This should be a good first step: http://mlg.eng.cam.ac.uk/mchutchon/DifferentiatingGPs.pdf

  • $\begingroup$ This is exactly what I was looking for, thank you! $\endgroup$
    – Shannon S.
    Aug 9, 2018 at 2:22

In the following, I assume a zero mean function, for simplicity.

The realizations of a stationary Gaussian process are (a.s.) $n$-times differentiable if the covariance function $k(t_1-t_2):=K(t_1,t_2)$ is $2n$-times differentiable at 0. Hence, in the following, I assume the Gaussian radial basis function

$$k(t) = \exp\left(-\frac{1}{2} t^2\right)$$

as covariance function, which is smooth at zero.
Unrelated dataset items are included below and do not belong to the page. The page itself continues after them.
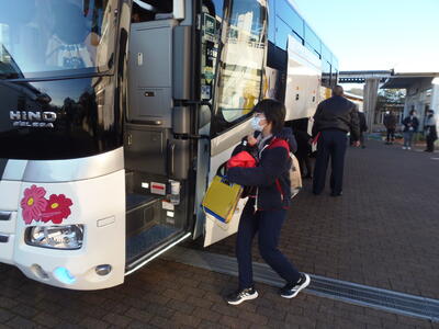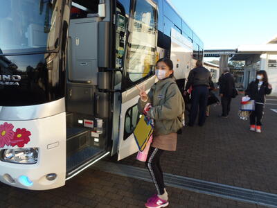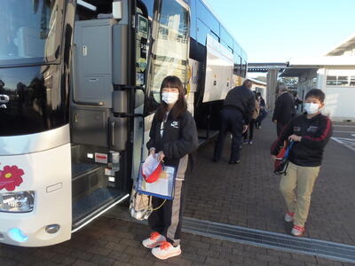 出発式の後、みんな元気にバスに乗り込んでいきました。
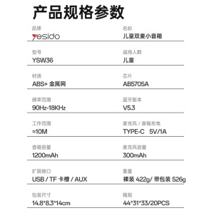 yesido无线蓝牙音箱 便携式儿童k歌带话筒低音炮 音响功放一体机
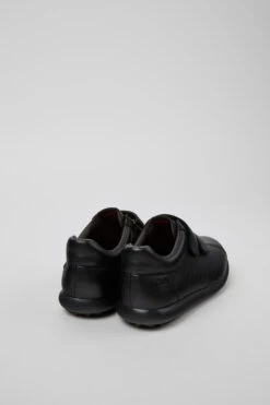 Black leather and textile kids’ shoes with hook-and-loop closing system and rubber outsoles.
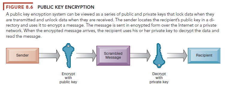 The problem with all symmetric encryption schemes is that the key itself must be shared somehow among the senders and receivers, which exposes the key to outsiders who might just be able to intercept and decrypt the key. A more secure form of encryption called public key encryption uses two keys: one shared (or public) and one totally private as shown in Figure 8.6. The keys are mathematically related so that data encrypted with one key can be decrypted using only the other key. To send and receive messages, communicators first create separate pairs of private and public keys. The public key is kept in a directory, and the private key must be kept secret. The sender encrypts a message with the recipient’s public key. On receiving the message, the recipient uses his or her private key to decrypt it.
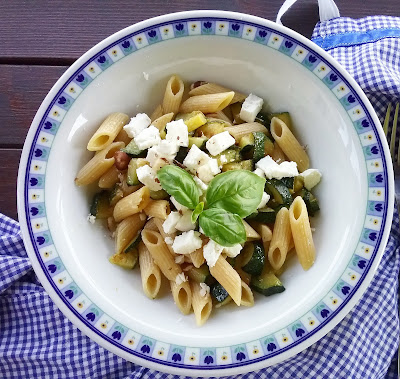 Quando la pasta sarà cotta, aggiungetela alle zucchine, mescolate e appena prima di servire unite il quartirolo tagliato a cubetti e le noci di macadamia tritate grossolanamente.
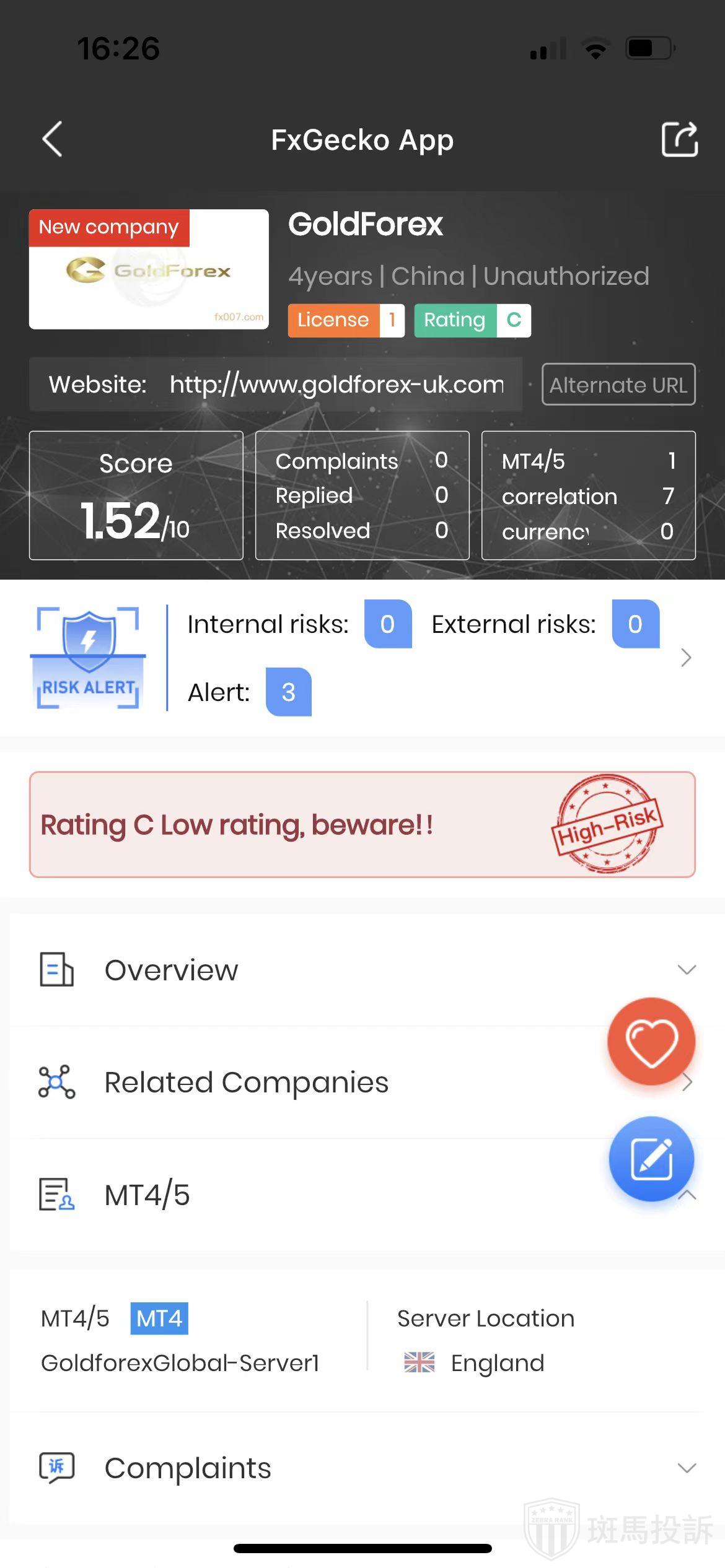 FTI risk warning shows that 金汇集团GoldForex has 3 risks. Investors need to pay attention to the relevant risk alerts for this broker.
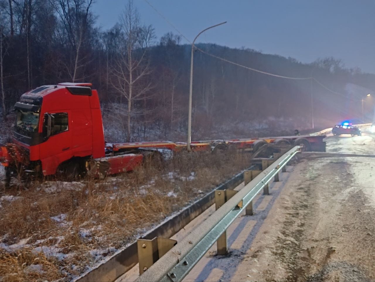 Фура пробила леер в ДТП с легковушкой во Владивостоке — один из водителей госпитализирован
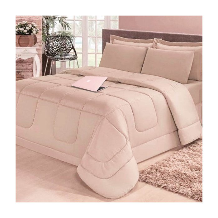 Jogo de cama Casal 6 peças com Edredom e Lençol Casa Dona Bege
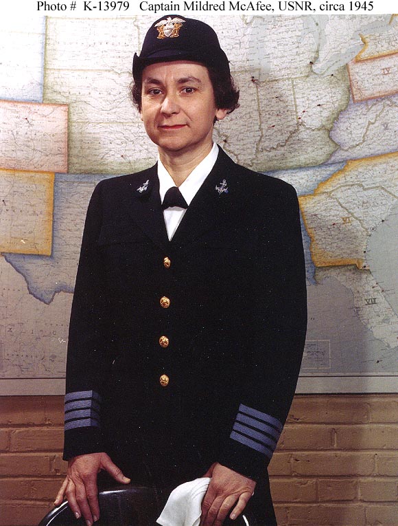 Photo #: 80-G-K-13979 (Color) Captain Mildred H. McAfee, USNR Photographed circa 1945. She was the wartime Director of the Women's Reserve ("WAVES"). Official U.S. Navy Photograph, now in the collections of the National Archives. Online Image: 110KB; 580 x 765 pixels Reproductions of this image may also be available through the National Archives photographic reproduction system. |
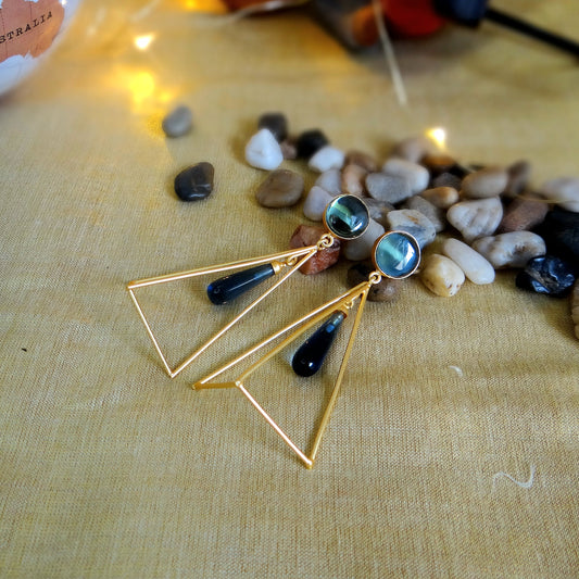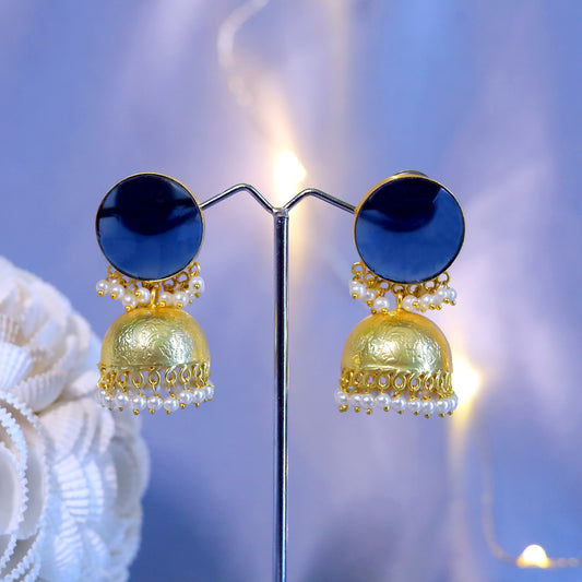GAVI® Blue Onyx Stone Bold Kissed- By- Fire Gold Jhumkis

How do the realizations of such a Gaussian process look like? The covariance function $k$ is strictly positive, hence any function value is positively correlated with any other function value. However, this correlation is almost zero for long time differences. Hence, such realizations tend to go back of the mean after a short time. In short: what goes up must come down (a.s.).

Now let us have a look at the covariance of the derivative Gaussian process. By the formulas provided by cknoll, its covariance function is

$$k_\partial(t) :=-\frac{\operatorname{d}^2}{\operatorname{d}\!t^2} k(t) = (1-t^2) \exp\left(-\frac{1}{2} t^2\right) = (1-t^2)k(t)$$

and it is easy to see that such processes are again smooth.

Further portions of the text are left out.